• PROBLEM
Below is a listing; transcribe it exactly but without any images.

• INFORMATION PROVIDED
________________________________________
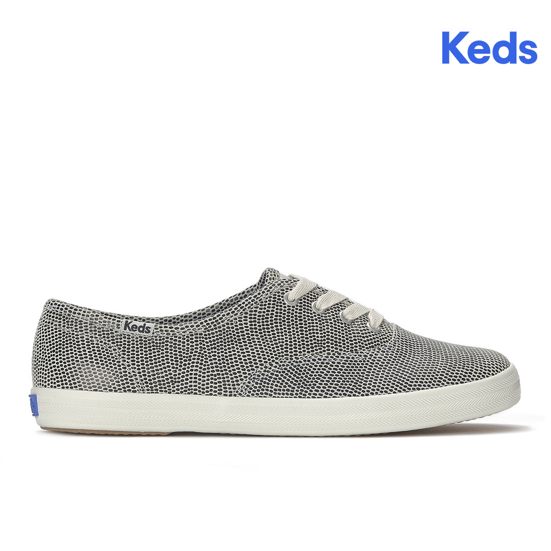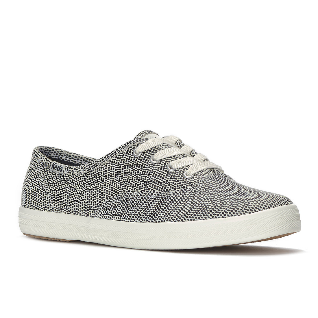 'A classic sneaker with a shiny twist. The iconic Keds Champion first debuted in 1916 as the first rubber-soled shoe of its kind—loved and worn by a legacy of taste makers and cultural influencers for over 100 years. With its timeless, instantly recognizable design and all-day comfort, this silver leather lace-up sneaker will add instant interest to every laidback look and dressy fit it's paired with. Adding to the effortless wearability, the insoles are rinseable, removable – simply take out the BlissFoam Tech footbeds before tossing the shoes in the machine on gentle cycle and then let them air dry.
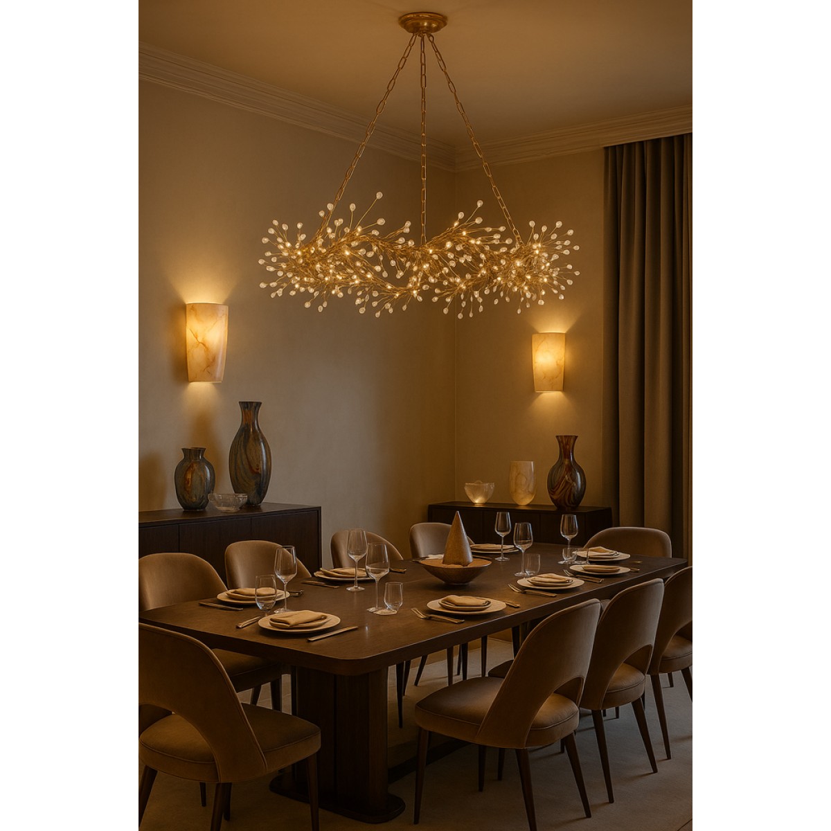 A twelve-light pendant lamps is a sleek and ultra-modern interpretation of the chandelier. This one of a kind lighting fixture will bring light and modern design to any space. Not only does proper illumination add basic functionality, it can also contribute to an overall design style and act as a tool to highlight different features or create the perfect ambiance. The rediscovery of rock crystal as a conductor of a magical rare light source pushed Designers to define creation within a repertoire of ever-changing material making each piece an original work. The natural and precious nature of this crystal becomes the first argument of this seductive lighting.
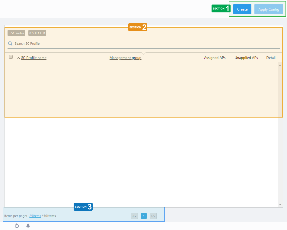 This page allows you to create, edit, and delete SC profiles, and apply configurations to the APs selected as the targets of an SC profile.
________________________________________
• TASK RESULT
 'A classic sneaker with a shiny twist. The iconic Keds Champion first debuted in 1916 as the first rubber-soled shoe of its kind—loved and worn by a legacy of taste makers and cultural influencers for over 100 years. With its timeless, instantly recognizable design and all-day comfort, this silver leather lace-up sneaker will add instant interest to every laidback look and dressy fit it's paired with. Adding to the effortless wearability, the insoles are rinseable, removable – simply take out the BlissFoam Tech footbeds before tossing the shoes in the machine on gentle cycle and then let them air dry.
 A twelve-light pendant lamps is a sleek and ultra-modern interpretation of the chandelier. This one of a kind lighting fixture will bring light and modern design to any space. Not only does proper illumination add basic functionality, it can also contribute to an overall design style and act as a tool to highlight different features or create the perfect ambiance. The rediscovery of rock crystal as a conductor of a magical rare light source pushed Designers to define creation within a repertoire of ever-changing material making each piece an original work. The natural and precious nature of this crystal becomes the first argument of this seductive lighting.
 This page allows you to create, edit, and delete SC profiles, and apply configurations to the APs selected as the targets of an SC profile.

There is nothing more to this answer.